I am running Sophos-UTM in Hyper-V and i needed a TRUNK port to the virtual machine so i can do vlan tagging. Here is the powershell code to implement it.
Example with Place Holders
get-vmnetworkadapter -vmname NAME_OF_VM | where-object -property MacAddress -eq "MAC_ADDR_OF_NIC" | set-vmnetworkadaptervlan -Trunk -AllowedVlanIdList Start-End NativeVlanID DEFAULT_VLAN
Example with Real Data
get-vmnetworkadapter -vmname Sophos-UTM | where-object -property MacAddress -eq "1234567890AB" | set-vmnetworkadaptervlan -Trunk -AllowedVlanIdList 10-20 NativeVlanID 10
Hi there,
I used a very similar technique to set-up a Sophos UTM HA Cluster as a back-end firewall, separating internal networks using VLANs, with the internal VLAN interface on the Sophos UTM as the default gateway for each network.

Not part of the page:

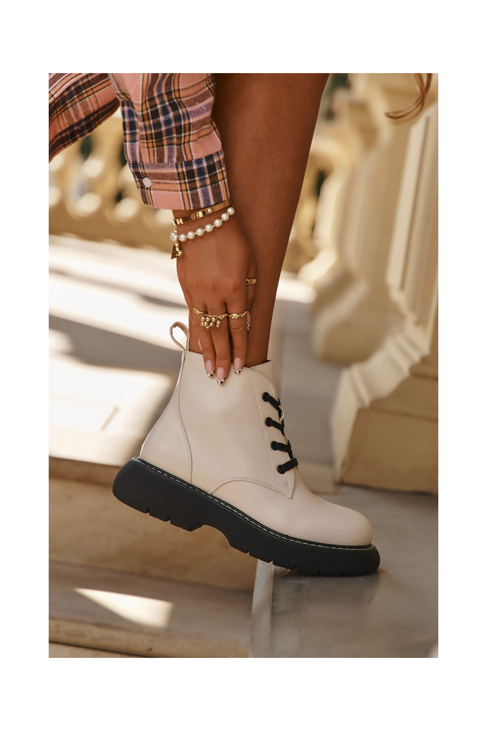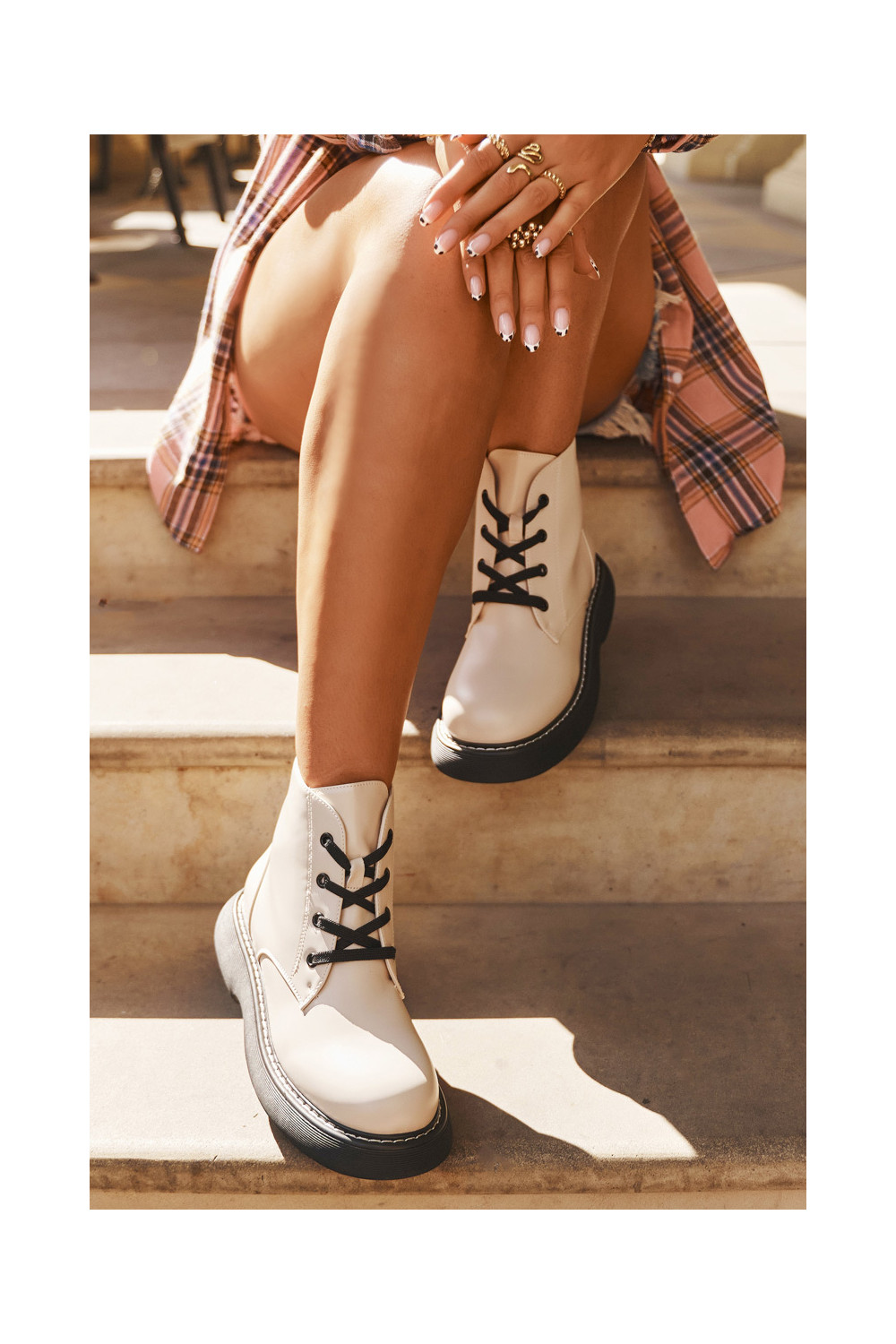 Soojad naiste saapikud platvormiga ja paeltega, elevandiluu värvi, Harmine

This all work very well indeed once I got it working using powershell – but using Windows 2012 R2 Hyper-V I find that the UTM fail-over for MASTER -> SLAVE on the UTM seems to be erratic in terms of reliability when using this configuration. I find that I have to go to the settings of the UTM that should now be MASTER, then disconnect the VLAN network adapter and then reconnect it for the network connectivity to be restored/failed over to that node…. if I don’t do that then although the SLAVE becomes the MASTER the internal VMs cannot see the UTM (now MASTER) on it’s gateway address, thus losing connectivity – somewhat defeating the purpose of the fail-over.

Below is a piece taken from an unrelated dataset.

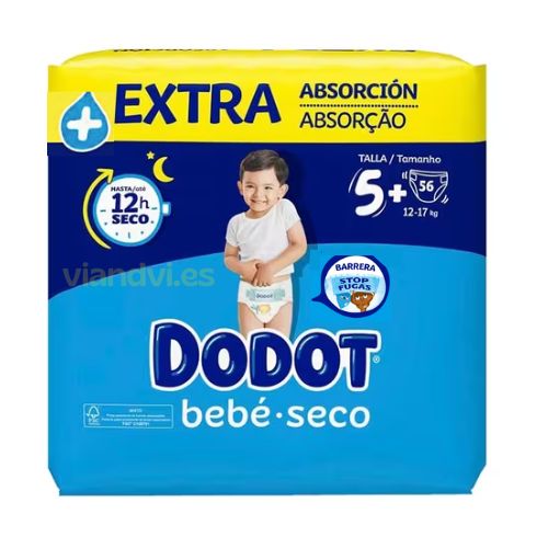 Dodot Bebé Seco Talla 5+ (12-17kg) Extra Absorción Pack 56 Pañales: Protección superior para tu bebé en crecimiento

Not fully sure what is causing it but 2012 R2 is not officially supported so I can’t get any help from Sophos – straight refusal. A shame. (I didn’t get this using ESXi)
I don’t suppose you have seen anything like this in your work with VLANing with Hyper-V?
Cheers
James
I only have a single unit so i have not tested HA or failover.